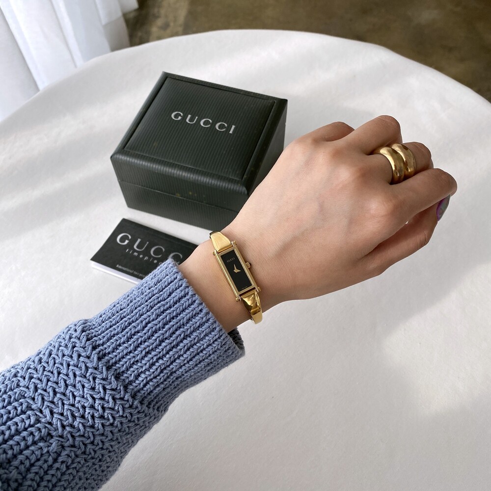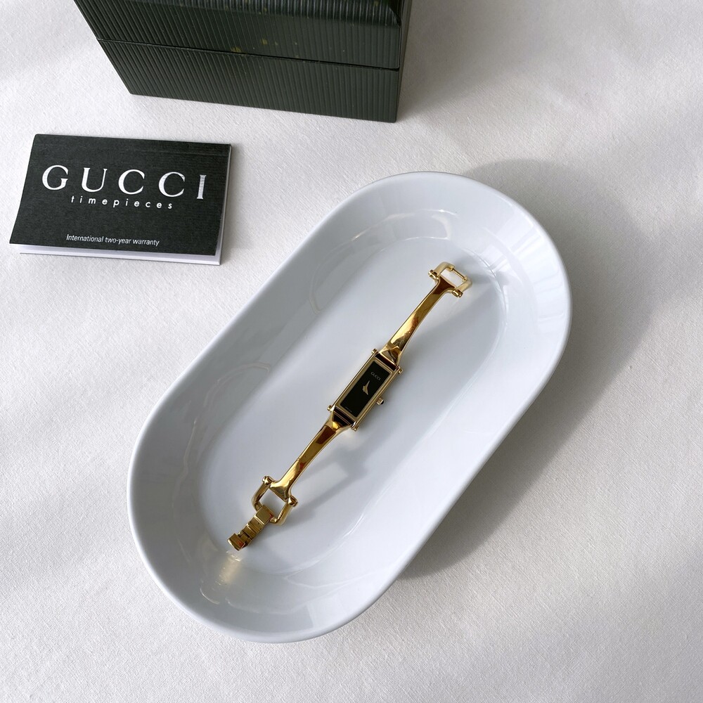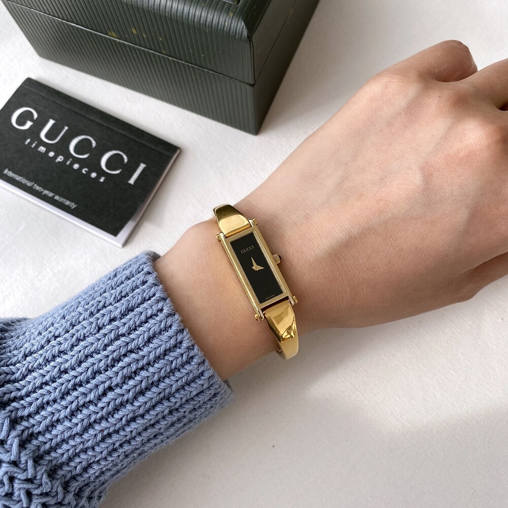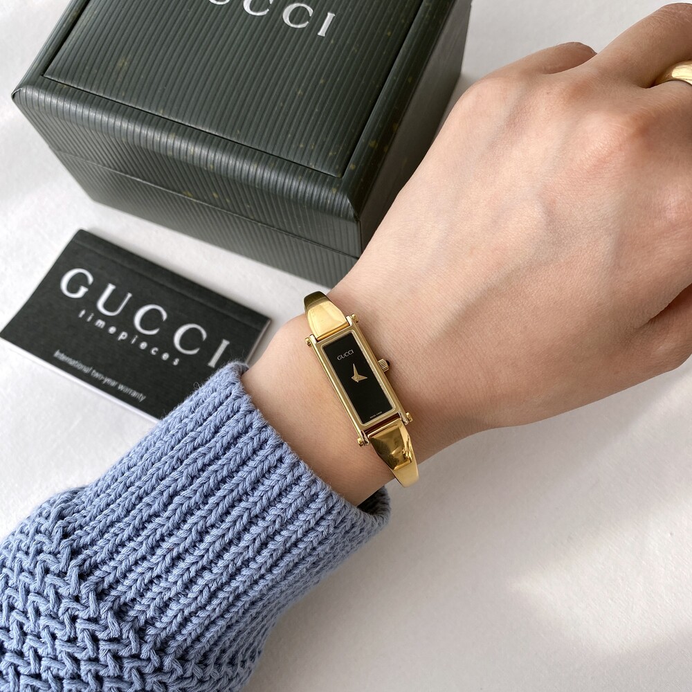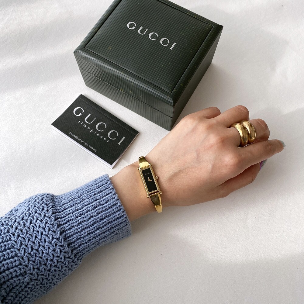 골드 톤 스퀘어 타입의 시계와 블랙 다이얼 위를 장식하는 구찌 로고,
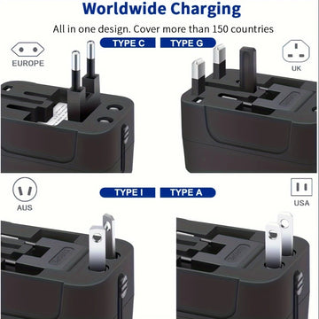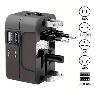 Designed for international use, this adapter includes dual USB ports to help power multiple devices while traveling. Suitable for a range of electronic items, it provides a practical charging solution during trips.
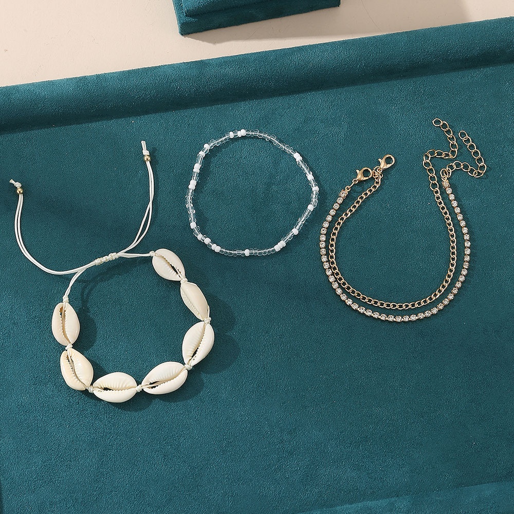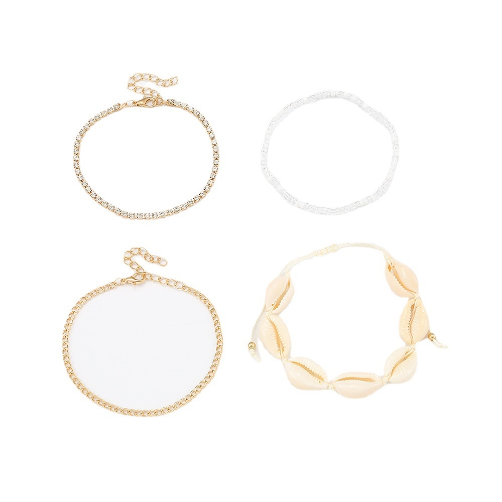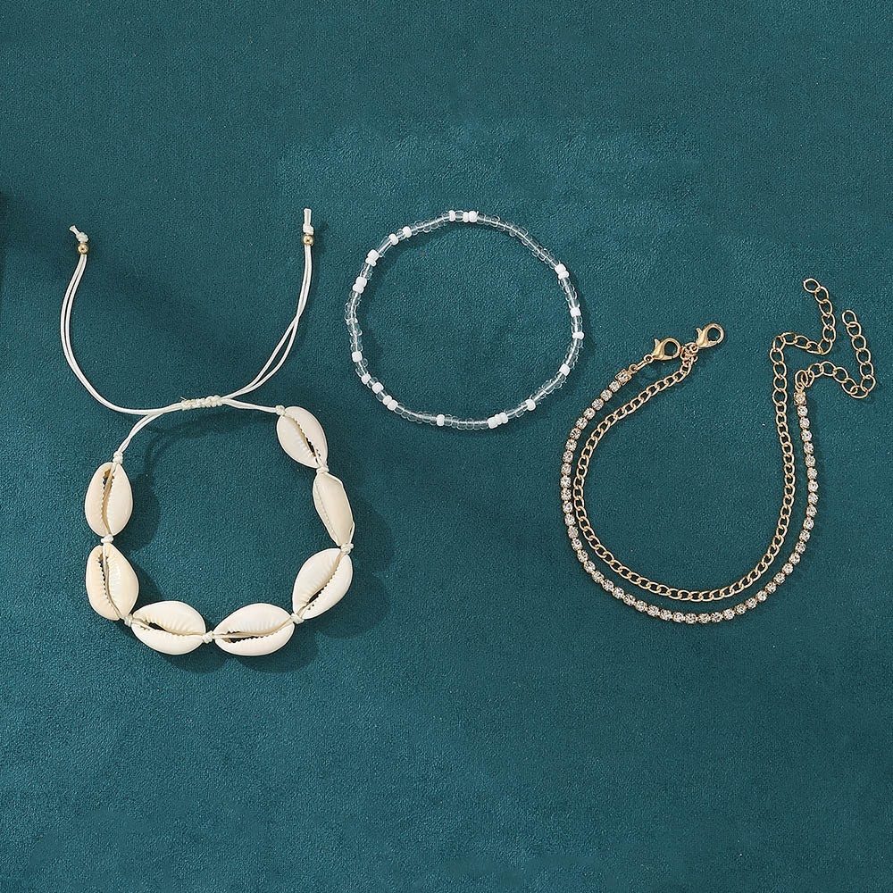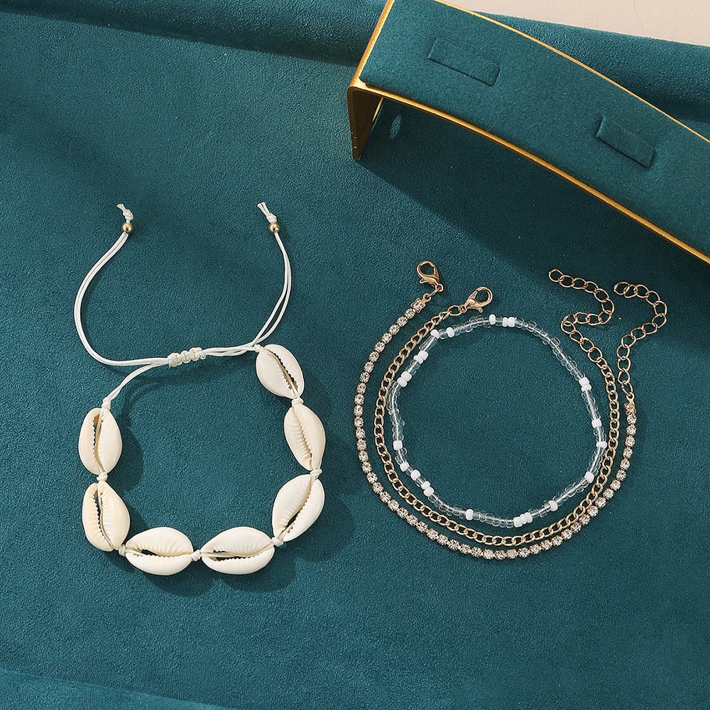FZ0362 European And American Female Shell Anklet Bohemian Beach Holiday Rice Bead Anklet Multi-layer Female Foot Jewelry
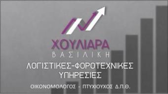 Το Λογιστικό - Φοροτεχνικό Γραφείο ΧΟΥΛΙΑΡΑ ΒΑΣΙΛΙΚΗ που εδρεύει στην Πρωτοπαπαδάκη 10, Λάρισα (Πλ. Ταχυδρομείου) προσφέρει με συνέπεια και αξιοπιστία ολοκληρωμένα πακέτα λογιστικών και φοροτεχνικών υπηρεσιών ικανά να στηρίξουν κάθε μορφής και μεγέθους επιχείρηση.
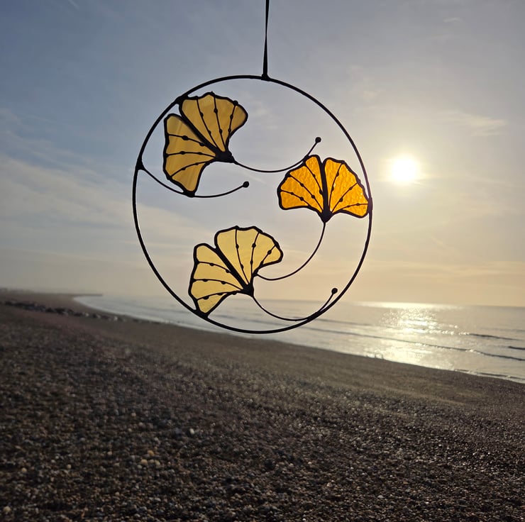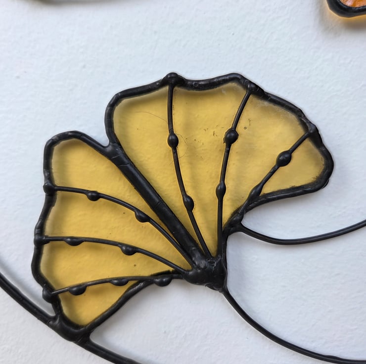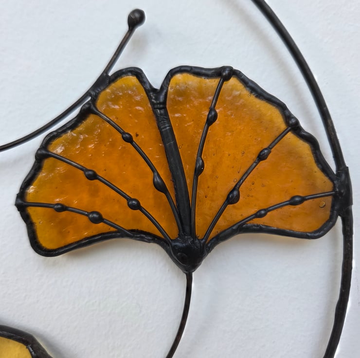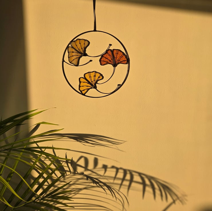 Bring a little calm, nature-inspired beauty into your space with this lovely stained glass ginkgo leaf wall hanging. Three delicate ginkgo leaves in soft shades of gold and amber are set inside a circular frame, with graceful curling stems that give the piece a gentle, flowing feel.
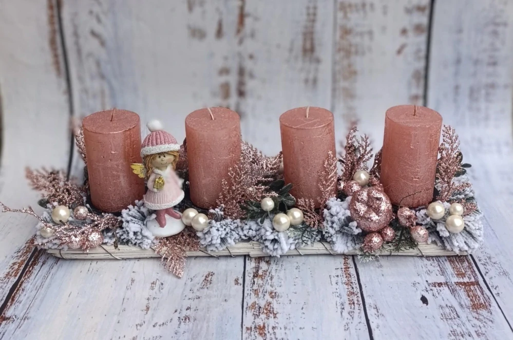 Adventní svícen. Dekorace je na ratanové základu, dozdobena umělými květinami a dalšími dekoracemi. Dozdoben soškou z polyresinu
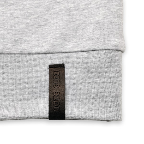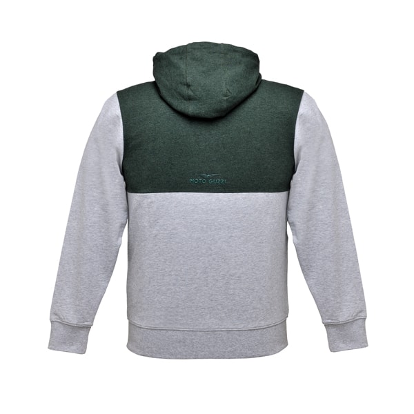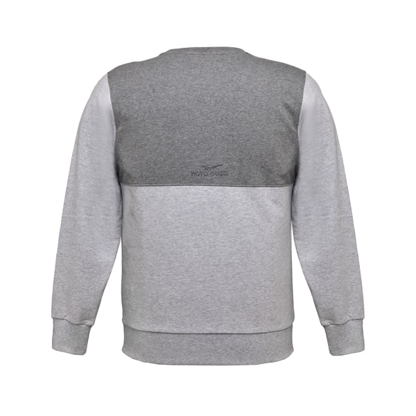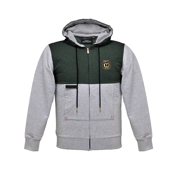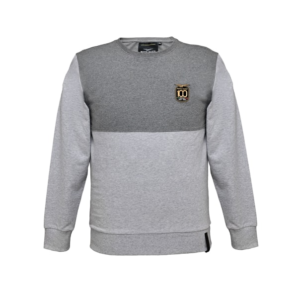 Moto Guzzi 100th sweatshirt: felpa bi-color grigio mélange; taglio sul torace (davanti e dietro). Materiale: felpa 275 grammi + costina, entrambe 95% cotone, 5% elastan; scudetto termoadesivo Moto Guzzi Centenario stampato a rilievo sul lato sinistro anteriore; transfer 3D del logo Moto Guzzi in colore, posizionato al centro sulla schiena; etichetta simil pelle con logo applicata al fondo davanti.
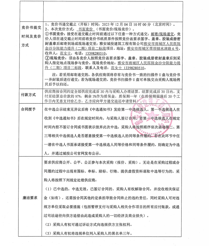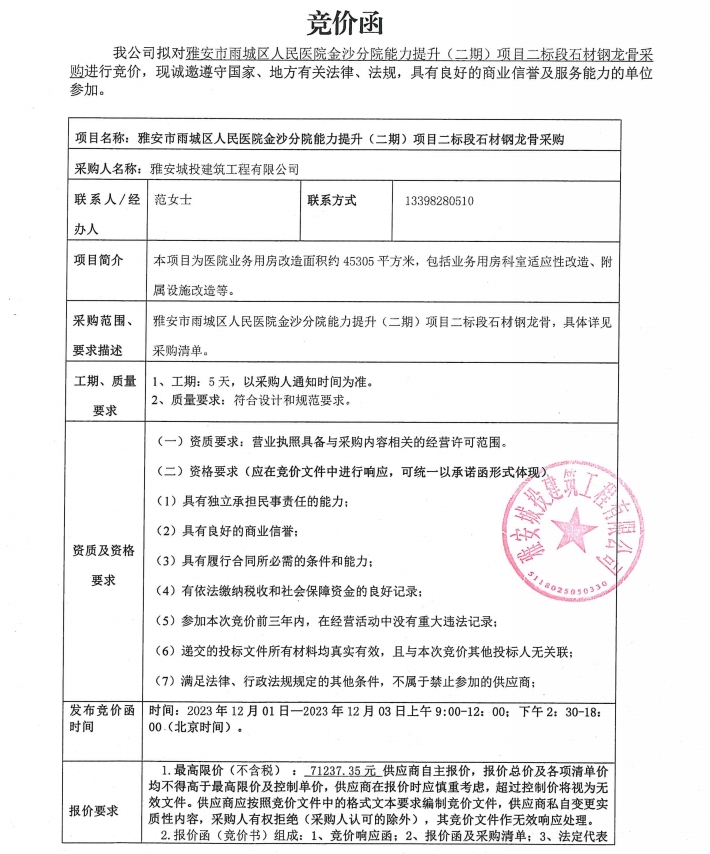 雅安市雨城區(qū)人民醫(yī)院金沙分院能力提升(二期)項目二標段石材鋼龍骨采購競價公告

━━━━━━━━━━━━━━━━━━━━

WHAT THE TASK ASKS |
In the data above, find the line containing "Designed for international" and the line containing "Bring a little". Repeat those two lines and everything between them exactly, minus the pictures.

FINAL ANSWER |
 Designed for international use, this adapter includes dual USB ports to help power multiple devices while traveling. Suitable for a range of electronic items, it provides a practical charging solution during trips.
FZ0362 European And American Female Shell Anklet Bohemian Beach Holiday Rice Bead Anklet Multi-layer Female Foot Jewelry
 Το Λογιστικό - Φοροτεχνικό Γραφείο ΧΟΥΛΙΑΡΑ ΒΑΣΙΛΙΚΗ που εδρεύει στην Πρωτοπαπαδάκη 10, Λάρισα (Πλ. Ταχυδρομείου) προσφέρει με συνέπεια και αξιοπιστία ολοκληρωμένα πακέτα λογιστικών και φοροτεχνικών υπηρεσιών ικανά να στηρίξουν κάθε μορφής και μεγέθους επιχείρηση.
 Bring a little calm, nature-inspired beauty into your space with this lovely stained glass ginkgo leaf wall hanging. Three delicate ginkgo leaves in soft shades of gold and amber are set inside a circular frame, with graceful curling stems that give the piece a gentle, flowing feel.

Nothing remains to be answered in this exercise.